The elaborate ornaments in the exhibition also express ideas about personal and social identities, wealth and status that may have been politically, socially or spiritually hierarchical but as always it is difficult to be conclusive about the implications from the archaeological record.
There is as ever much to debate.
Jill Cook, Curator Ice Age Art: arrival of the modern mind, British Museum
Kenya school scam
Dear Editors,
I worked as a school manager at Bridge International Academies from 2010 to mid this year. The company’s business is educating the less fortunate in society at an affordable cost. Most of the company’s schools are constructed using iron sheets. And they are located in the slums.
Workers (teachers, school managers) in these schools are poorly paid, work for long hours and are not represented in any trade union. The proprietor of these schools is a top American capitalist. Profit is his main theme, though from time to time high quality education is dangled to parents and in prospectuses to attract them to the schools.
Workers are paid per the pupils who pay that month. Those who pay later on don’t count for this and the money remains the profit of the company (worker’s sweat). Any worker who makes an attempt to complain or show displeasure is shown the door.
Morale has been low and prospects of employees scaling the corporate ladder are slim as there is no upward mobility in the firm. The company pays US nationals handsomely while Kenyans are left to feed on crumbs.
Out of the 210 schools, 75 percent are profitable but this profit doesn’t get to those who make this a reality (teachers and school managers).
If that’s the way capitalism operates, then damn the system. It’s ugly and repugnant. Companies ought to realise that without their workers the wheels of their operations would grind to a halt.

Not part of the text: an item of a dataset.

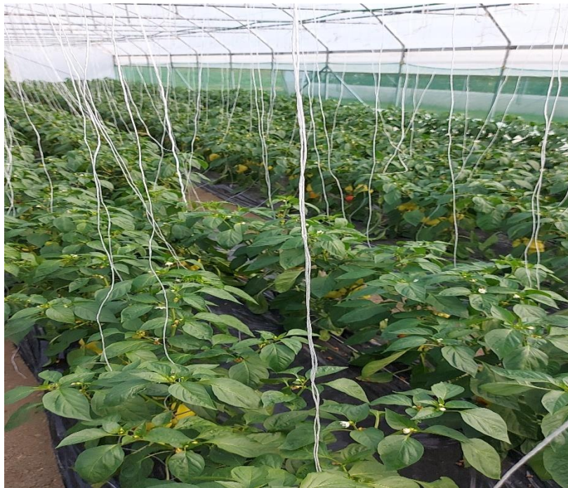
Slika 14. Uzgoj u zaštićenom prostoru

Druga tura je sadnja presadnica u zaštićene prostore koja se obavlja u drugoj polovici ožujka ili početkom travnja, a ovisno o temperaturi (Slika 14). U njima se nakon obrade tla oblikuju gredice na koje se postavlja sustav navodnjavanja (sustav kap po kap) koji se zatim prekriva malč folijom. Na foliji se buše rupe te se sadnja presadnica odvija ručno. Nakon sadnje presadnica, presadnice paprike, rajčice i krastavaca salatara se vezivom vežu za postavljenu žičanu mrežu pri vrhu plastenika da bi se suzbilo polijeganje što je redovita i propisana mjera njege. Za krastavac kornišon se postavlja mreža kao potpora kako bi se omogućio neometan rast i razvoj i olakšala berba.

Patrick W. Ndege, Nairobi, Kenya.
Funny Money?
Dear Editors
Kaz’s interesting article ‘Propaganda Power… in your pocket’ in September’s Socialist Standard sparked a mischievous thought: How ironic it would be to find bank notes defaced with the briefest of messages: ‘Abolish money – see SPGB’. I’m not suggesting a thing, mind.
Andy Cox (by email)
Maybe that’s why they’re thinking of changing to plastic notes? – Editors.